Se trata de que no pueden obviar, los líderes de los países del G-7, que EE. UU. se encuentra hoy muy lejos de la posición que ocupaban en los tiempos de la unipolaridad. Los datos lo sitúan en la posición 28 del índice de progreso social que mide salud, seguridad y bienestar en todo el mundo, para ser uno de los tres únicos países, de 163, que retrocedió en bienestar durante la última década; también, en el Anuario de Competitividad Mundial, el Banco Mundial lo situó en el lugar 35 entre 174 países.

Lo anterior explica suficientemente la necesidad de los planes de restauración del potencial estadounidense: Plan americano de rescate, Plan de empleo americano y Plan familiar anunciados por el presidente Biden, por un monto de más de 6,5 millones de millones de dólares, que debían ser ejecutados con productos obtenidos por el mundo y  financiados mediante el endeudamiento, según puede verse en la página web de la Casa Blanca: «Construyendo cadenas de suministro resilientes, revitalizando la manufactura americana, y fomentando el crecimiento de base amplia», y parcialmente mediante el aumento de la carga impositiva a los más ricos. Planes todos que ya han debido ser reducidos y postergados (inclúyase aquí el aumento de la tarifa salarial horaria prometido por Biden) por no contar con el apoyo suficiente de la élite republicana.

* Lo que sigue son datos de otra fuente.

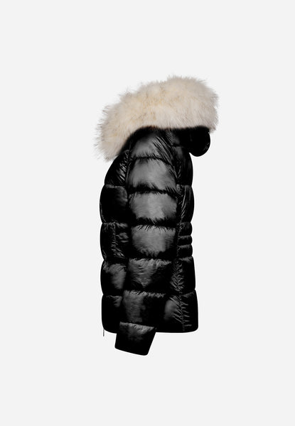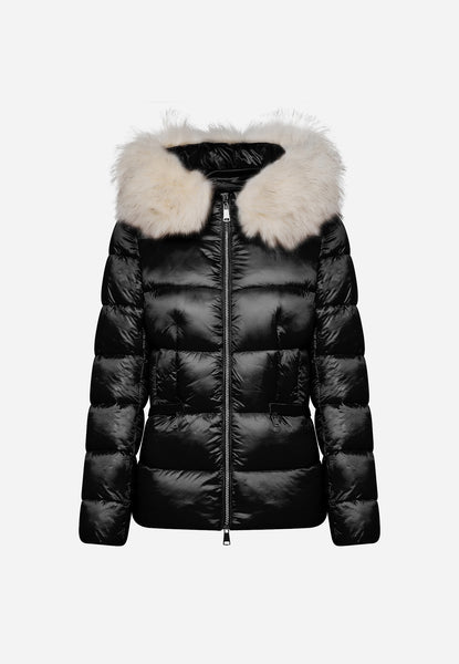 Piumino da donna 200gr Chiusura con zip a doppio cursore Due tasche anteriori con zip Cappuccio con pelliccia Composizione esterna: 100% Nylon Composizione interna: 100% Poliestere Pesantezza: ❄ ❄ ❄

La reunión del G-7 se completó con la Cumbre de la OTAN (30 países) en la que, por supuesto, junto con la afirmación de Biden de que EE. UU. estaba de vuelta, y el consenso sobre la necesidad de incrementar la financiación conjunta de operaciones militares, no hubo reparos en considerar a Rusia como «el enemigo principal», sobre lo que el secretario general de la organización, Jens Stoltenberg, señaló que las relaciones se encontraban en su punto más bajo desde la Guerra Fría, y que constituía una amenaza para la seguridad de la alianza.

También China se convirtió en protagonista de la reunión pues, según Stoltenberg, la nación asiática «está ampliando rápidamente su arsenal con más cabezas nucleares y un número mayor de sistemas de lanzamiento sofisticados. Es opaca en la modernización militar, (y) está cooperando con Rusia, incluso con ejercicios en el área euroatlántica».

Y aunque no haya sorpresas en la coincidencia entre lo reseñado de la reunión de la OTAN, con el Comunicado de la Casa Blanca del 13 de junio, Revitalizando la alianza trasatlántica, ni con el llamamiento de Biden sobre «el aumento del poder global de Beijing en tanto constituye un desafío de seguridad que está tratando de socavar el sistema global basado en reglas», sí disparan alarmas las continuas provocaciones de la OTAN, que luego de la reunión se han incrementado y han conducido al mundo a una segunda y aún más peligrosa Guerra Fría.